Masih menurut sumber yang sama, dari segi penanganan perkara, kasus yang menjerat Teddy Minahasa merupakan case building yang alami. Meski demikian, ada pula bumbu perang bintang di internal Polri dalam kasus tersebut.
Kelompok yang gerah dengan intensi Teddy menjadi Kapolri disebut menjadikan kasus ini sebagai cara untuk menjatuhkannya. Dugaan ini pernah muncul dalam lipsus kumparan bertajuk Perang Bintang. Teddy juga disebut terlalu percaya diri bahwa ia tidak akan disentuh.
“TM terlalu over confidence, terlalu yakin tidak akan terseret,” kata sumber itu.
Komisioner Kompolnas, Albertus Wahyurudhanto, juga mengkhawatirkan berkembangnya isu perang bintang dampak dari kasus Teddy Minahasa. Walau demikian, Wahyu menilai penanganan kasus Teddy sudah berjalan sesuai koridor dan menjadi momentum bagi Kapolri Listyo Sigit untuk bersih-bersih internal.

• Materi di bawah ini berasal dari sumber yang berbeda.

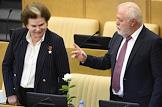 Пленарное заседание Государственной думы (ГД) России. Заместитель председателя комитета ГД России по федеративному устройству и вопросам местного самоуправления Валентина Терешкова (слева) и первый заместитель председателя комитета ГД России по финансовому рынку Игорь Дивинский (справа) перед началом заседания.

“Untuk kepentingan organisasi menjadi tidak bagus ketika berkembang isu perang bintang. Kalau perang antar level pimpinan dalam rangka memperebutkan posisi puncak, itu saya kira wajar dan terjadi di semua organisasi. Tetapi menjadi negatif karena dikesankan bahwa perang ini kemudian menjurus kepada cara-cara yang tidak fair atau tidak transparan, dengan saling menjatuhkan persaingan. Ini harus diluruskan, ditindaklanjuti internal Polri,” tutup Wahyu.